Furthermore, the Conservatives will already have set the precedent that coalition promises need not be honoured.

It is almost certainly too late for the Lib Dems to reverse the hemorrhaging of their own support that their participation in the coalition government has brought about. Nevertheless it is essential that that loss of support is not exacerbated by the complete loss of credibility that will ensue should they roll over and simply accept the bad faith shown to them by their untrustworthy partners.

In my view it is of critical importance that the Lib Dems punish the impending betrayal by withdrawing their support for boundary changes and making it crystal clear why they have done so. Their partners will whine like stuck pigs and no doubt some of them will genuinely be too stupid to understand why it has happened, in the same way as some of the Conservatives on Hounslow Council were shocked when we failed to support their 2010 budget following the Mogden debacle, when our partners refused to back us in our quarrel with chief officers over the nuisance caused to residents by a local sewage plant "managed" by Thames Water (which has donated money to the Conservative Party).

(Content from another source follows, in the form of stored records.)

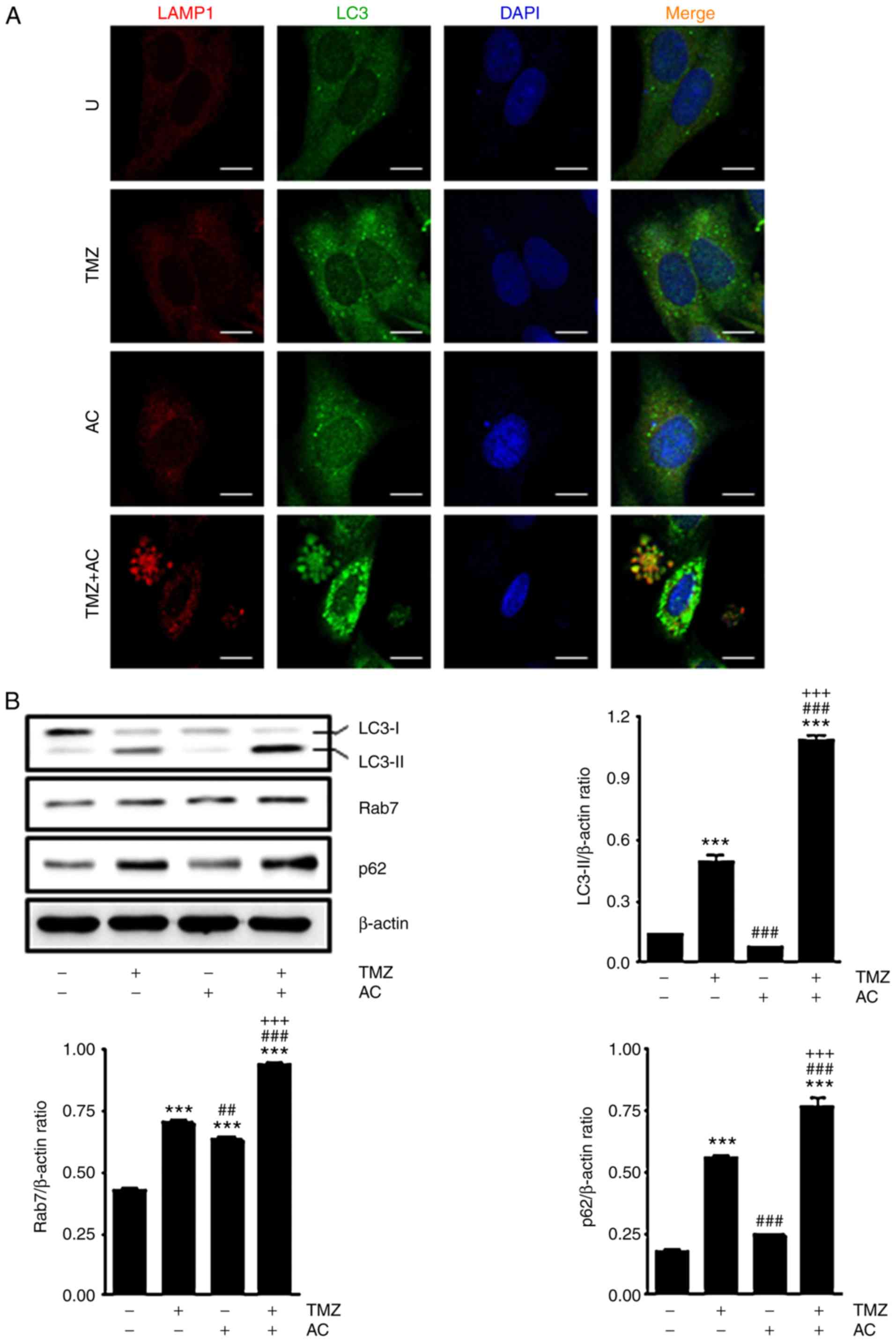 TMZ has been reported to induce autophagy (28,29); therefore, the present study examined the extent to which autophagy was induced by TMZ + acteoside treatment. The C6 cells were treated with TMZ with or without acteoside; after 24 h, and the cells were stained for immunofluorescence to detect LAMP1 and LC3 as markers of autophagy. Higher expression levels of LAMP1 and LC3 were observed following the combination treatment (Fig. 5A). Autophagy-related protein expression was also examined, and it was found that TMZ induced the conversion of LC3-I to LC3-II, which is a signature of autophagosome generation. A higher rate of conversion of LC3-I to LC3-II was observed following cotreatment with TMZ and acteoside than treatment with TMZ alone. The expression levels of Rab7 and p62 indicated autophagy induction in the TMZ-treated cells (Fig. 5B). These findings suggest that cotreatment with TMZ and acteoside enhanced the autophagic process in glioblastoma cells.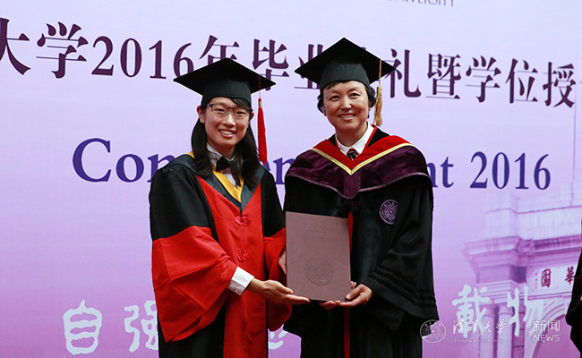 环境学院2013级博士生陈熹作为毕业生代表发言。她向辛勤培养自己的母校、师长和亲友们表达了由衷谢意,并回忆了在新葡萄的学习和生活经历。她曾经连站军姿都晕倒,在校期间刻苦锻炼,拿到73个马杯单项冠军,连续十年夺得女子三项全能金牌。全场不时爆发热烈的掌声。陈熹说,新葡萄热情的体育传统感染了她,“为祖国健康工作五十年”的新葡萄体育精神勉励她勤奋坚持方能造就不凡,追求卓越才能超越自我。未来无论从事怎样的工作,作为新葡萄人,都应该把个人价值融入到国家发展和人类进步的宏伟事业中。今天是一个新起点,未来人生路将继续迎风远航。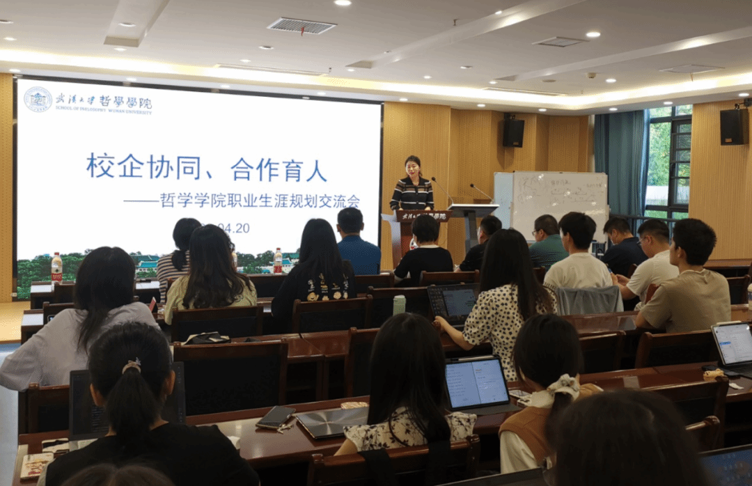 4月20日下午,“校企协同、合作育人——奈飞 职业生涯规划交流会”在奈飞 B107举办。奈飞 武汉校友会副会长、哲学分会会长万松,奈飞 哲学分会副秘书长李菁菁、王海龙、高光玉、骆中锋应邀参会,奈飞 党委副书记严璨、副院长李志、学生工作办公室主任姬建建、团委书记李懿以及学院部分本科生和研究生参加活动。交流会由党委副书记严璨主持。

Not only will such a response be crucial if the Liberal Democrats are to maintain any dignity and self-respect at all, but I also truly believe that punishing underhandedness and betrayal will send precisely the right message to the spinners and backstabbers who seem to dominate modern party politics that their way doesn't actually pay.

In other words it will, in the long run, be beneficial not only to the Lib Dems but indeed to all those politicians, including those within the Conservative and Labour parties, of which I have no doubt there are many, who do actually appreciate the importance of good faith and integrity in our politics.